If we could afford it and my husband would let me I would quit my job tomorrow and concentrate on me things as well as keeping the house clean and tidy and having proper meals on the table every night.

We have kids so I work school hours 4 days a week, it's pointless working more than school hours since with childcare I would have less time and no more money. I could pick up another day but I like having that day to get things done, appointments, tidying, gym, cleaning. It's worth having less money which would only go on crap anyway.

Maybe they feel similar?

Cheeseplantandcrackers · 09/07/2025 18:49

None of your business. You were wrong to approach your brother about his wife and I’m glad that he stood up for her. They both sound happy, it obviously works for them.

If you don’t like your job, do something about it.
If you have an unusable box room, do something about it.
If you want to change your life… get up and sort it out!

I hope that you don’t judge your patients in the same way.

bumblebeedum · 09/07/2025 18:49

You want your SIL to be more miserable because you are? If they can afford it and are happy why not? I’d happily stop working and embrace hobbies if we could afford it.

Lafufufu · 09/07/2025 18:49

First poster nails it....
Your SIL is living here best life...

You need 2 scoops of icecream to go with your jelly.

Xmasbaby11 · 09/07/2025 18:49

I was expecting something a lot crazier than this!

No, I don't find it crazy at all. It's far from my life (2 dc, work and pt Masters) but sounds like they are happy and many others would be too.

I have several single friends in 3bed houses. It's not that extravagent. Good for them if if they can afford it.
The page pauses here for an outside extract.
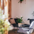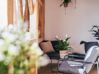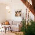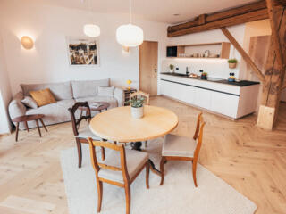 Im oberen Stock des denkmalgeschützen Gebäudes erwartet Euch unsere wohl aussergewöhnlichste Wohnung. Hier wohnt ihr direkt zwischen den über 150 Jahre alten Balken unseres Stadels, die mitten durch die Wohnung gehen.

oncemoreuntothebeachdearfriends · 09/07/2025 18:49

Jealous.
I lived in a 4 bedroom house on my own for years.
No-one else's business.

Ninja2 · 09/07/2025 18:50

How does it affect you in any way?

FedupMum2024 · 09/07/2025 18:50

Nobody should have to 'get a job". Good for her. Living her life the way SHE wants, if you are stuck as a slave to the 9-5 system miserable like everyone else then good for you, but she is under absolutely no obligation to follow suit. No one asked to be here and no one owes anybody anything.

Work on your jealousy issues OP

yelladuster · 09/07/2025 18:50

DrinkFeckArseGirls · 09/07/2025 18:21

I smell a reverse

That is exactly what I think too, reads like it. I guess it is normal to be a bit judgemental towards those who choose not to work in this climate (although you might not be privy to all their health info). The details that really make it stick out as a reverse is them having a three bedroom house, like who cares and how is it inexplicable? Also the discussing privately with her brother about the "craziness", seriously? Most SIL who were this judgemental would just be making snidey comments out in the open, having a secret conflab with her DB about it all is just plain mental.

Cosycover · 09/07/2025 18:50

Inexplicably own a 3 bedroom home? I am assuming they bought it. Which would explain it.

LaudCodec · 09/07/2025 18:50

Yeah, I agree, if you’re miserable, she should be too!

Theres nothing wrong or “crazy” with their arrangement. He’s working and supporting her to study.

If you don’t like your life, change it. Don’t drag everyone else into the pit.